I increasingly find SSR to be a double edged sword. Even taking into account its relatively low cost, the occlusion artefacts can lead to some really nasty looking scenes. The battle hub in Street Fighter six has huge shiny floor areas and a large PC walking around. Reflections disappear and reappear below your characters limbs as they animate. It affects a large part of the screen and is very distracting, like your character is dripping white spirit that is erasing detail from existence. Not my video, but these grabs hopefully show what I mean:
SSR nope 1.png



And here is the PC walking over an inverted ghost of himself, while the desk infront on its right edge is also nicely breaking SSR:

SSR nope 2.png


It's one of those things that my brain can't un-see now, and the SSR ghost haunts my dreams.

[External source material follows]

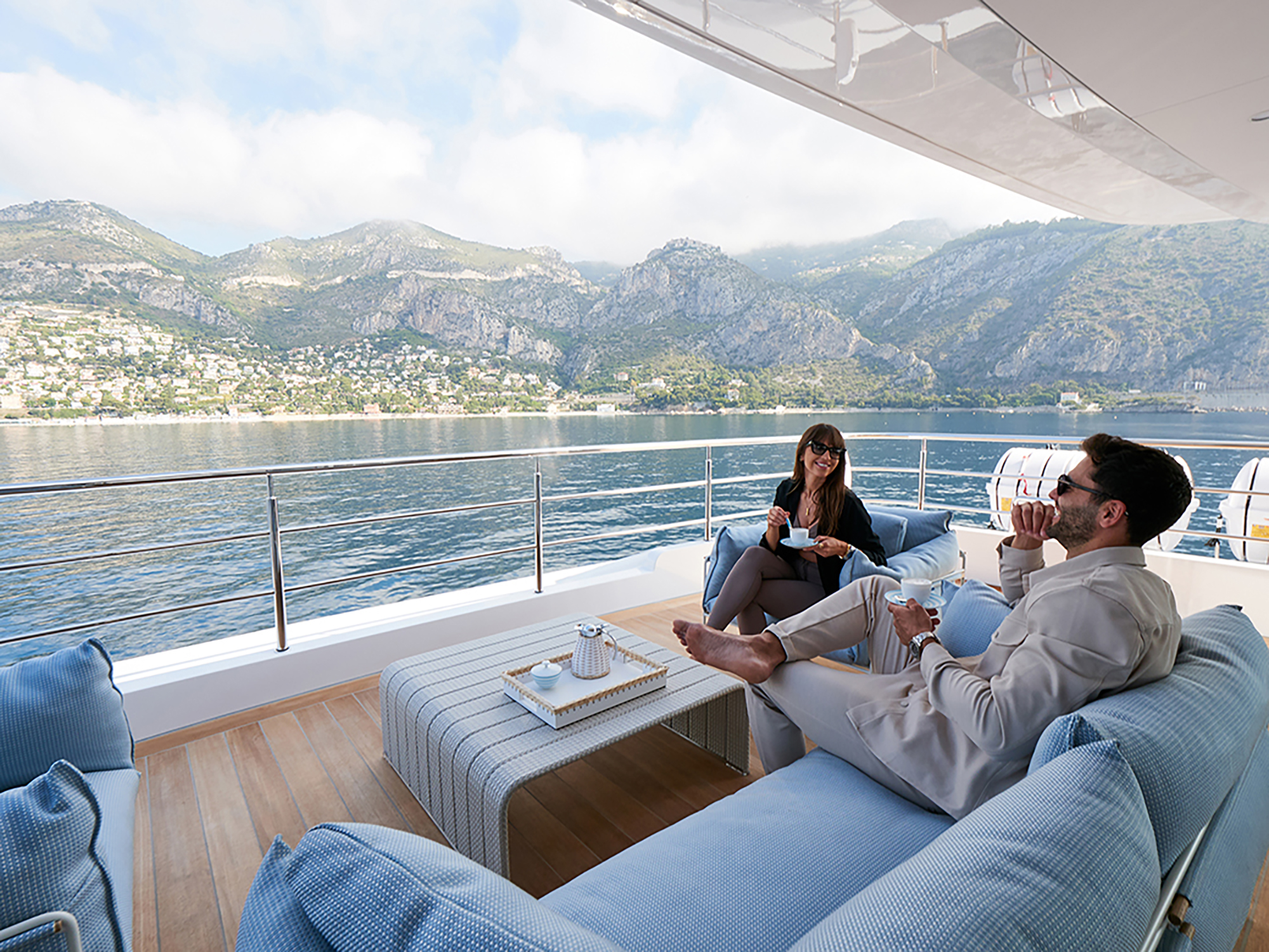 From the swim platform, staircases connect to the main deck aft where the stern contains two separate sunbathing areas fitted with spongy sun pads.

Clearly, the series S version wasn't bad enough so they used its extra power over last gen to turn on SSR. :/
 
I think what XeSS showed is that it isn't solely ML that is most important, rather it is dedicated hardware accelerated ML that is important. The DP4a version is slower in implementation, simpler, and produces worse image quality than the XMX version.

I did some very rough back of the envelope calculations of the number of operations required for DLSS/FSR2/DP4aXeSS that I'd gladly accept feedback on from anyone that has domain knowledge (I'm an engineer in an unrelated field):

The 3090 has 142 16-bit tensor TFLOPS and from the DLSS programming guide requires 0.79ms to upscale 1080p to 4k. DLSS is a convolutional autoencoder and typical utilization rates for similar types of models are 33-75 %. To be a bit conservative, ill go with 60 %. That implies that DLSS requires ~67 16bit GFLOP per frame.

The 6950XT has 47 16-bit TFLOPS and from the FSR2 github requires 0.8 ms to upscale 1080p->4k. Frame capture graphs on twitter show the upscale component to have utilization rates >50% so ill go with 60 % as well. That implies FSR2 requires ~23 16bit GFLOP per frame.

I can't find official numbers for XeSS nor any frame captures, so I took a frame capture with my 1070 in The Witcher 3. The 1070 has 6.5 32bit TFLOPs and required 9.2 ms to do the upscale compute pass according to the Pix capture. Also assuming a 60% utilization and we get 36 DP4a GFLOP per frame. I guess, though am not sure, that that implies ~144 actual GFLOP per frame because DP4a packs 4 8bit operations. I think that this is an overestimate because not every operation of the upscale would be performed on 4 values at once. For completeness, FSR2 runs in 5.3 ms for the same scene implying ~21 GFLOP per frame (so my estimates are roughly well calibrated with empirical measurements).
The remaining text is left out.